Materials and Methods

Materials

Oligo-ethylene glycol (OEG) was prepared as a solution comprising a 1 mM mixture of OEG thiol (386.5 Da) and biotinylated OEG thiol (788 Da; both from Polypure, Oslo, Norway) at a molar ratio of 99:1 in synthesis grade ethanol, and stored in the dark at 4°C. Lyophilized streptavidin (SAv; Sigma-Aldrich, St. Louis, MO) was dissolved in ultrapure water and stored as aliquots at a concentration of 1 mg/mL at −20°C. Lyophilized bovine serum albumin (BSA; Sigma-Aldrich) was freshly dissolved in ultrapure water and used at a concentration of 10 mg/mL for all passivation purposes.

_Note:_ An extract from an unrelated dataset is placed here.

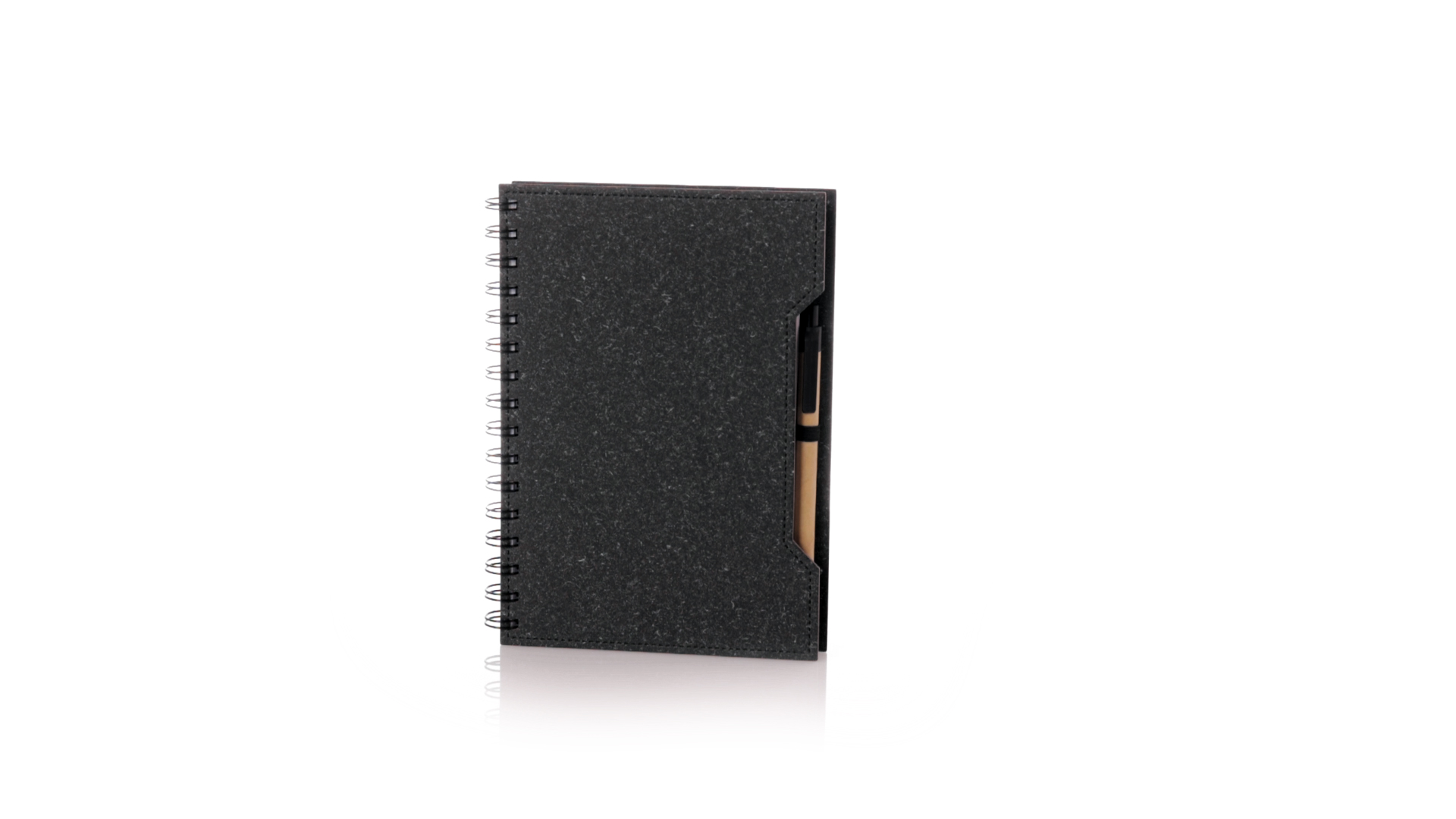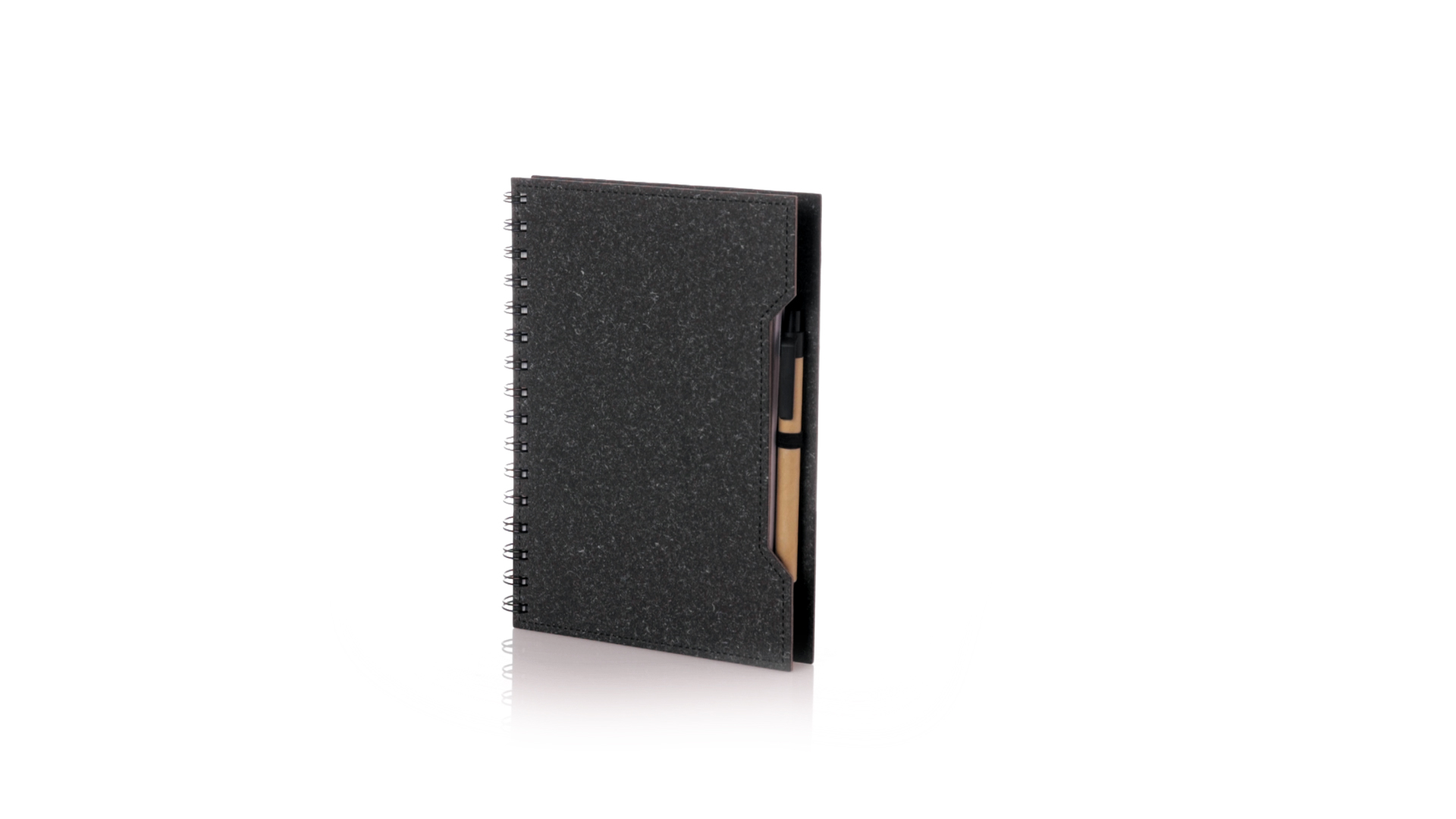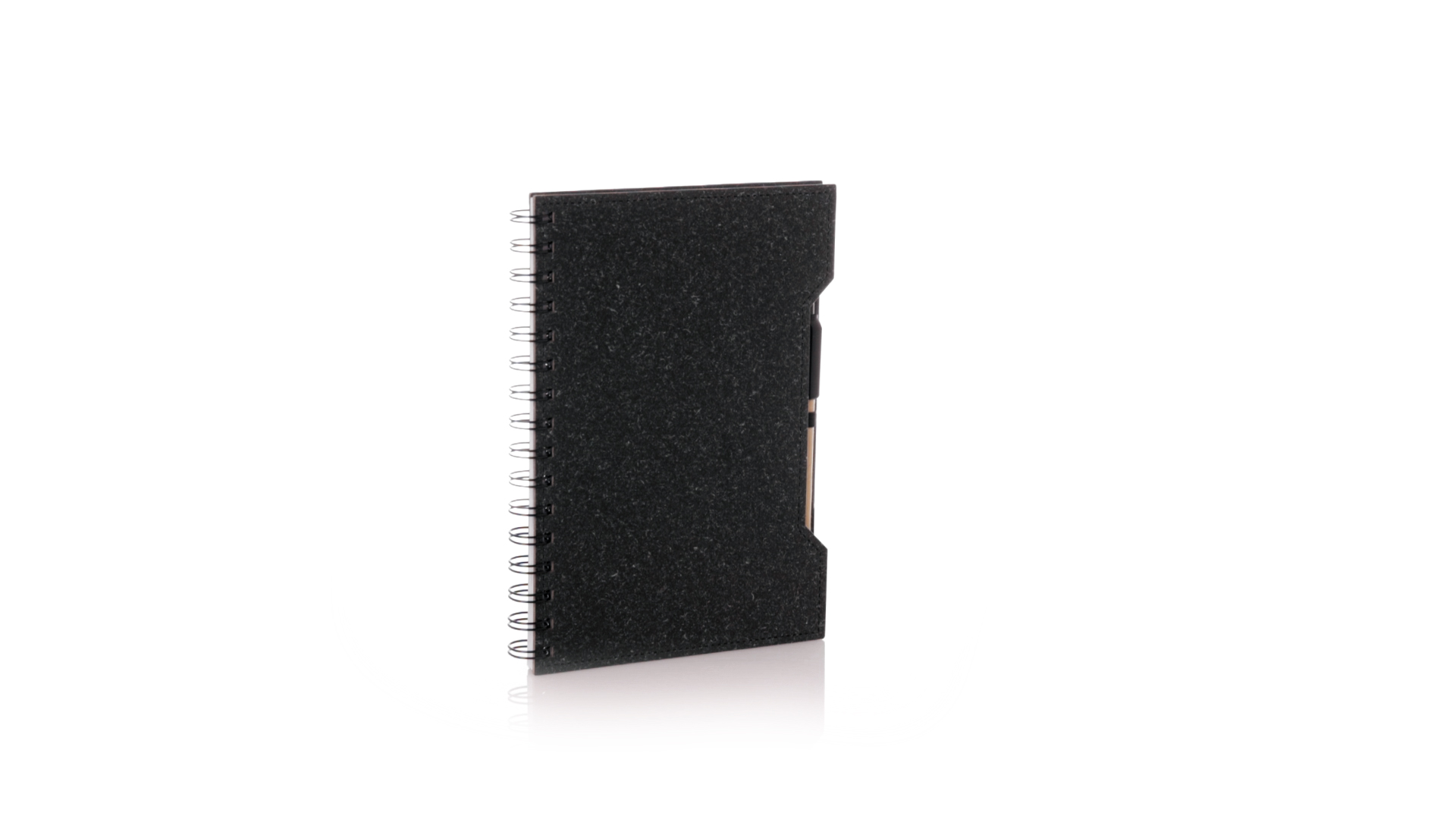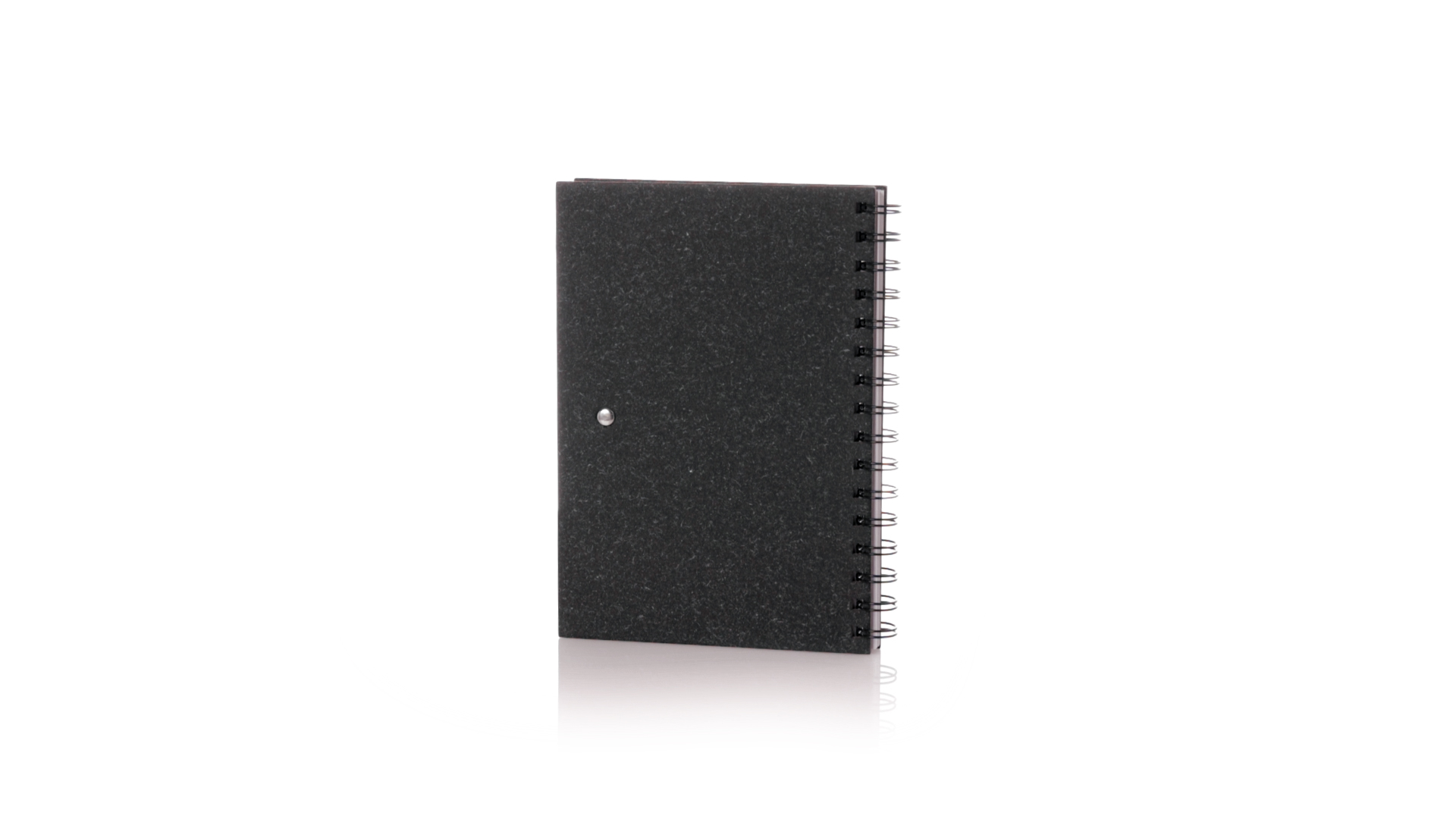Notizbuchset aus recyceltem Karton. Inklusive Ringnotizbuch mit starrem Einband aus recyceltem Karton und Nähten in Kontrastfarben. 80 einfarbige Innenblätter in Naturfarbe, 25 grosse Haftnotizen und 100 Mini-Haftnotizen in 4 verschiedenen Pastellfarben. Inklusive praktischem Stifthalter und Kugelschreiber aus recyceltem Karton und mit blauer Tinte. Präsentiert in einer individuellen Papiertüte.

A sample preparation buffer comprising 10 mM HEPES and 150 mM NaCl at pH 7.4 was used for the preparation of COC-capturing substrates. Throughout the AFM measurements, COCs were maintained in culture medium consisting of minimum essential medium with Earle’s salts, buffered at pH 7.3 with 20 mM HEPES and supplemented with 50 μg/mL gentamycin, 0.3 mM sodium pyruvate, 1 mg/mL BSA, and 1 mM 8-bromoadenosine 3′,5′-cyclic monophosphate (8-Br-cAMP), a membrane-permeable cyclic AMP analog that stabilizes the expanded cumulus matrix (32).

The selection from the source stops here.